Vitamin Health’s commercial liability policy with Hartford Insurance Company provided coverage for “personal and advertising injury,” which was narrowly defined as “[o]ral, written or electronic publication of material that slanders or libels a person or organization or disparages a person’s or organization’s goods, products or services.” The policy also contained two key exclusions: coverage would not be provided for any suit that also alleges infringement of intellectual property rights, and coverage would not be provided for advertising injury “arising out of the failure of goods, products or services to conform with any statement of quality or performance made in [the policyholder’s] advertisement.'”

Hartford refused to defend and indemnify Vitamin Health in the Bausch & Lomb suit, arguing that the advertising at issue was not covered by the policy because the ad did not disparage Bausch & Lomb’s products. And even if it did, the intellectual property exclusion and failure to conform exclusion applied to prevent coverage because there was a patent infringement suit and the advertising related to the quality of Viteyes®.

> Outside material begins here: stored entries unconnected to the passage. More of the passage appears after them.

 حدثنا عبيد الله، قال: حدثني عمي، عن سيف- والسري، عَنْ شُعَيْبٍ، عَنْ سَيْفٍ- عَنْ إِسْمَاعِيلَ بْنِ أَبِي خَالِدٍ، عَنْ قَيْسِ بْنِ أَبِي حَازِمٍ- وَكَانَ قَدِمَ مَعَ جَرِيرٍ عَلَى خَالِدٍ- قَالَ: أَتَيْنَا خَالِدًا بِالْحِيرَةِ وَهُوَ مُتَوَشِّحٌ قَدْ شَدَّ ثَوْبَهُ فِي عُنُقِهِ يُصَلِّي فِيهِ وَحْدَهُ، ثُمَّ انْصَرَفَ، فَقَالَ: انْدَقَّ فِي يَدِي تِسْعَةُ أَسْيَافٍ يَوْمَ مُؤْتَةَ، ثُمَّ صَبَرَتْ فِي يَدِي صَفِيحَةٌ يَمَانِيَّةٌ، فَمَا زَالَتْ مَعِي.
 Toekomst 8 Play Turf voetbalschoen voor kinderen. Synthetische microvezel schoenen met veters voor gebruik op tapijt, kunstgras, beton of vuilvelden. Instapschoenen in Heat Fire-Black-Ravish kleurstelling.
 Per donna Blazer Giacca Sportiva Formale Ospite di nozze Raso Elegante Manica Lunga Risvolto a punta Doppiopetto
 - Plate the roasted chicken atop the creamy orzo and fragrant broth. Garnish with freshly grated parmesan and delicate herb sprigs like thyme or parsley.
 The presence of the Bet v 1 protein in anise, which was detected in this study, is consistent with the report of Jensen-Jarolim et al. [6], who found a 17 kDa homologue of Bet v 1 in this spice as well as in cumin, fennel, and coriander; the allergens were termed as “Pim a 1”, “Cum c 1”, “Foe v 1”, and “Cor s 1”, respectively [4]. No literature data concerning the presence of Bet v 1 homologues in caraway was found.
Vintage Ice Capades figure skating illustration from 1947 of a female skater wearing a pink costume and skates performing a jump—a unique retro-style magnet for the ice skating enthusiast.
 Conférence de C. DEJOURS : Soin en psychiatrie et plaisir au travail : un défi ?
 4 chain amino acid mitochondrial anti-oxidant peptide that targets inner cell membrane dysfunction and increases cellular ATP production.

The U.S. District Court for the Eastern District of Michigan agreed. In a declaratory judgment action to determine whether Hartford was required to defend and indemnify Vitamin Health, the Court held there could be no “disparagement”, as required for coverage, because Vitamin Health’s advertising was based on the content of its own product, not Bausch & Lomb’s product. Both policy exclusions also applied independently because Bausch & Lomb’s lawsuit was based on Vitamin Health’s failure to conform with its claim that Viteyes® complied with AREDS 2 standards, and the false advertising allegations were included in a complaint involving patent infringement. See Vitamin Health, Inc. v. Hartford Casualty Insurance Co., 186 F. Supp. 3d 716 (E.D. Mich. 2016). Any one of these three grounds would have sufficed to deny coverage.

Vitamin Health appealed to the U.S. Court of Appeals for the Sixth Circuit, which heard oral argument in November. In the meantime, Vitamin Health settled its dispute with Baush & Lomb in late December and remains on the hook unless the Sixth Circuit concludes that each of the district court’s three reasons for denying coverage were wrong.

Courts will generally construe an insurance policy against the insurer when its terms are ambiguous, but courts have also made clear that they will not ignore the express terms of the agreement even if it narrows the scope of coverage. The Vitamin Health case is just one example of recent cases where courts have denied coverage due to the limitations of coverage for “advertising injury.” It is therefore critical that businesses consider the terms of their insurance policy and the scope of their “advertising” coverage when evaluating the content and strategy for their marketing campaigns.